Many Israelis were surprised to hear that Turkey was one of the first nations to send firefighting aircraft when the huge Carmel forest fire erupted last Thursday. Traditionally, Turkey and Israel have been close regional allies, but with the election of Erdogan’s Islamist-leaning government in 2003, things began to drastically change.
Following the 2008-2009 Gaza war, Erdogan led the international charge against Israel and accused its leaders of perpetrating war crimes against the Hamas-ruled territory. He angrily stormed off a stage with Israeli President Shimon Peres when the latter began to explain the necessity of halting terrorist rocket fire from Gaza.

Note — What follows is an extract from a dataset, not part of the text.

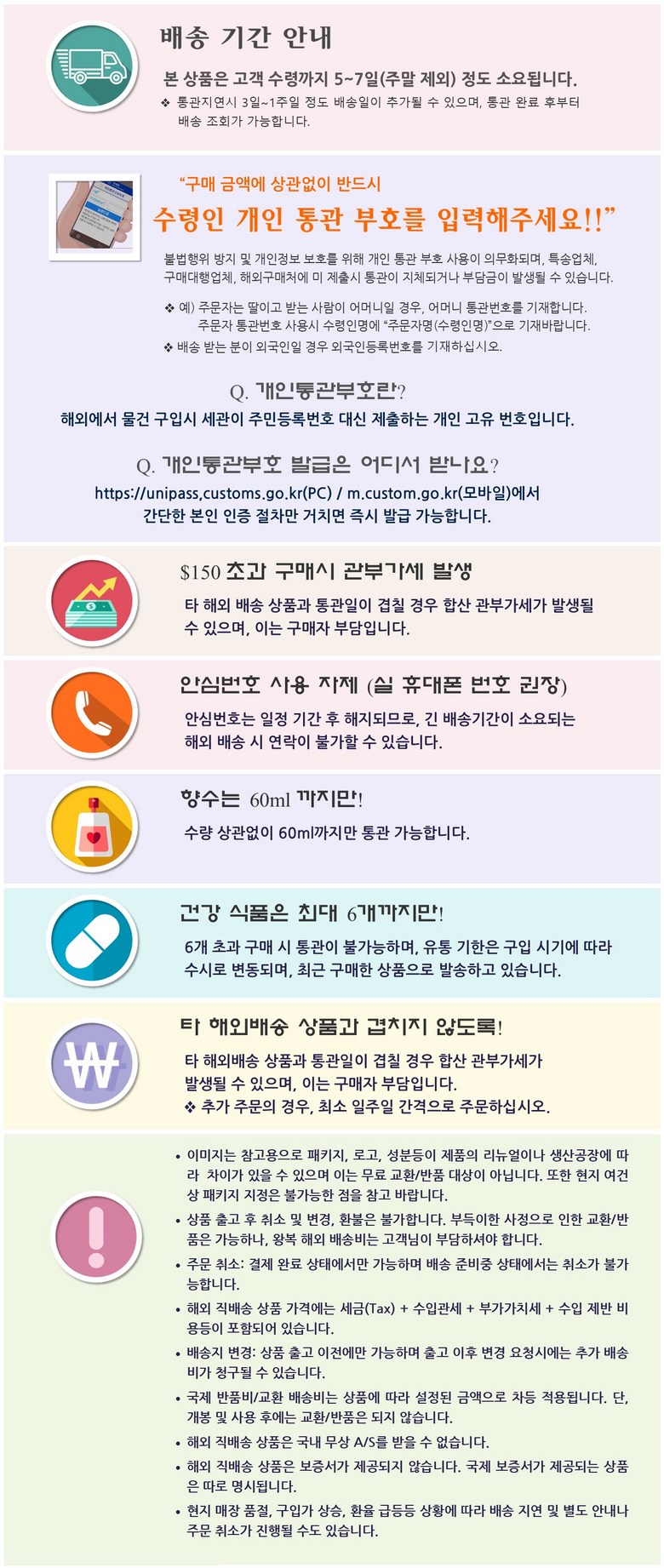 - 주문일 기준 동일 판매자 총 구매 금액이 면세 한도 초과 시 관부가세가 부과될 수 있습니다.

The tensions remained, and then nearly boiled over in May of this year when Israel intercepted a Turkish-sponsored “humanitarian aid” flotilla trying to break the maritime blockade of Gaza. While most of the ships in the flotilla surrendered peacefully to the Israeli commandoes, Turkish activists aboard the largest ship violently attacked the Israelis and even abducted a number of soldiers. With their lives clearly in danger, the commandoes opened fire and killed nine Turkish activists.
Once again, Erdogan led the international charge against Israel, accusing it of piracy, war crimes and insisting that Israel submit to a Turkish-led inquiry that he had already decided would end with Israel begging forgiveness and paying reparations.
Since then, Erdogan’s government has largely halted all cooperation with Israel, and has instead been cozying up to Iran and Syria.
Speaking in central Turkey on Sunday, Erdogan clarified that his hostile position has not changed. “A day will come when we will turn the page [on diplomatic relations], but first Israel must apologize for the incidents of the Gaza flotilla and compensate [the families] of those killed,” he insisted.
Many in Israel have in turn argued that it is Erdogan that owes Israel an apology for allowing the violent and provocative “Free Gaza” flotilla to set sail from his country. It was later discovered that many of the activists aboard the flotilla were members of a terrorist-aligned Turkish organization with ties to Al Qaeda.